A verbatim copy is needed of the lines below from the one containing "specified account. |" up to and including the one containing "日経225先物を8月15日~8月19日の週に大きく買い越ししていました。", excluding pictures.

:: Provided material ::
====
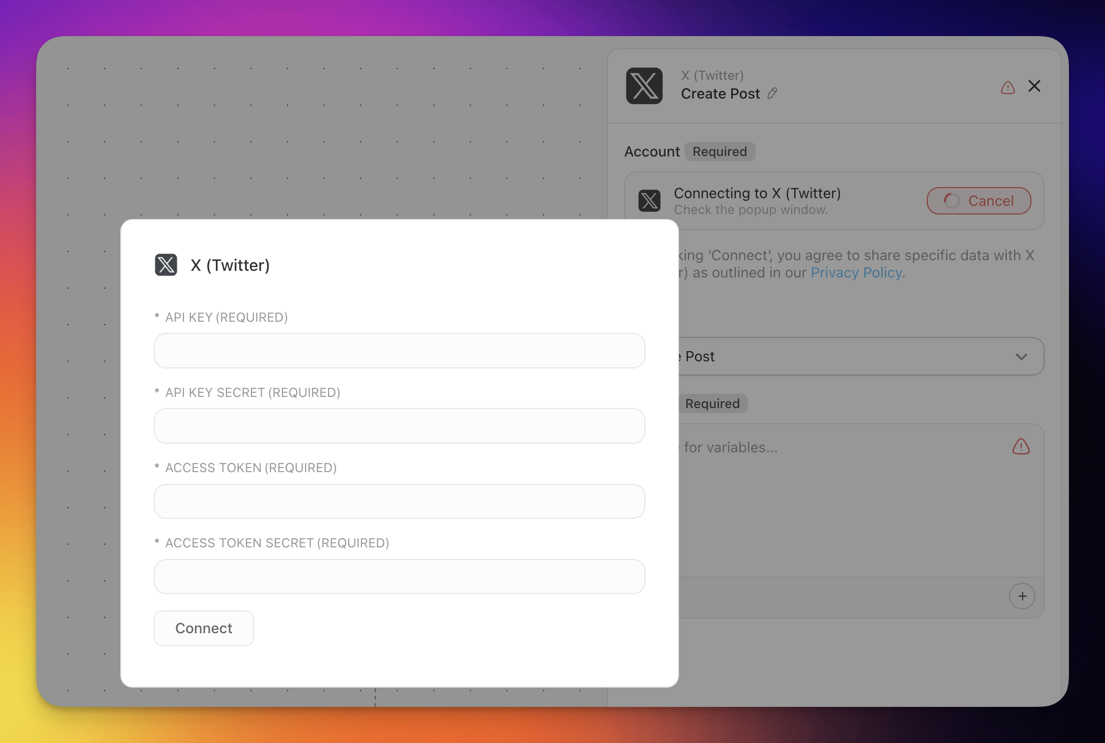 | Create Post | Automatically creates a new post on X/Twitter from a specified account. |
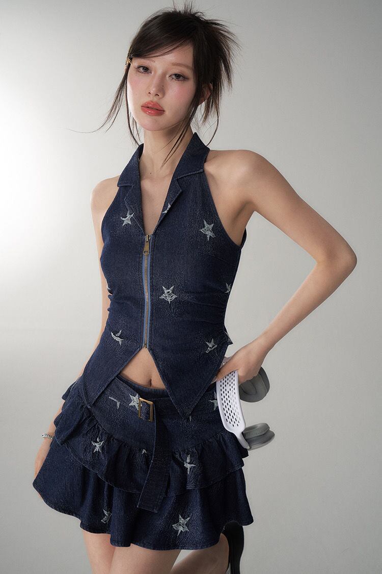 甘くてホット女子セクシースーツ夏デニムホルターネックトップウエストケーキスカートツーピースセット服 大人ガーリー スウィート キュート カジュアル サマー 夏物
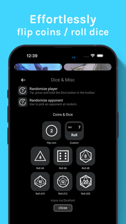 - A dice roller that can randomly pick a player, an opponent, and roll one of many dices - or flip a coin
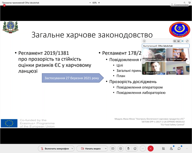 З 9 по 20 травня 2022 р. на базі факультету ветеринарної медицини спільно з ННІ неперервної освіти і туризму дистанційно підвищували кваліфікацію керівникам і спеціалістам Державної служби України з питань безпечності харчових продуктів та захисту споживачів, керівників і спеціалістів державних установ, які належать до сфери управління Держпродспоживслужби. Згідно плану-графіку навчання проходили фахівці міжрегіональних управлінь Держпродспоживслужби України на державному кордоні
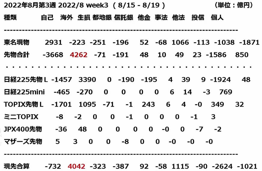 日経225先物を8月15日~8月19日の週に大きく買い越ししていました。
====
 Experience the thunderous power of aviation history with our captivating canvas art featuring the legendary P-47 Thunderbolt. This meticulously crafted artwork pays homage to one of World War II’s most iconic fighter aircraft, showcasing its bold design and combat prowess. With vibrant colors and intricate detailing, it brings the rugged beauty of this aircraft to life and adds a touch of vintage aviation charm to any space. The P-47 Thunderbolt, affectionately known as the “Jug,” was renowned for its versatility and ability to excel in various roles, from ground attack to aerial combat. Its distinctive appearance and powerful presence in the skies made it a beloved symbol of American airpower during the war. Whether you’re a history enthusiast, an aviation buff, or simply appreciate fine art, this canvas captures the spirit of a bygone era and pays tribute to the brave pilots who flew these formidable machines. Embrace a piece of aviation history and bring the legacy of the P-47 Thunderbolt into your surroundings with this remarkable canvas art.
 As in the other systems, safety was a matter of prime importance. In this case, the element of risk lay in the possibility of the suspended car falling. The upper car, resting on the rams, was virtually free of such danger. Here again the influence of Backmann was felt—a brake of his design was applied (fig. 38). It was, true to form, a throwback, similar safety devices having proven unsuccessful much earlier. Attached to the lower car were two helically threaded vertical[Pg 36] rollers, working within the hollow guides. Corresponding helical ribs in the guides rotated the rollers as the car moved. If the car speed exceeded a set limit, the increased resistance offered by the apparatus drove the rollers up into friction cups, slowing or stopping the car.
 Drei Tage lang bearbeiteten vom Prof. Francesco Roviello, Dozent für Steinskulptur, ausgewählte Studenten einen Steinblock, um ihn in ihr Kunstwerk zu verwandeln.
====
:: Exercise response ::
 | Create Post | Automatically creates a new post on X/Twitter from a specified account. |
 甘くてホット女子セクシースーツ夏デニムホルターネックトップウエストケーキスカートツーピースセット服 大人ガーリー スウィート キュート カジュアル サマー 夏物
 - A dice roller that can randomly pick a player, an opponent, and roll one of many dices - or flip a coin
 З 9 по 20 травня 2022 р. на базі факультету ветеринарної медицини спільно з ННІ неперервної освіти і туризму дистанційно підвищували кваліфікацію керівникам і спеціалістам Державної служби України з питань безпечності харчових продуктів та захисту споживачів, керівників і спеціалістів державних установ, які належать до сфери управління Держпродспоживслужби. Згідно плану-графіку навчання проходили фахівці міжрегіональних управлінь Держпродспоживслужби України на державному кордоні
 日経225先物を8月15日~8月19日の週に大きく買い越ししていました。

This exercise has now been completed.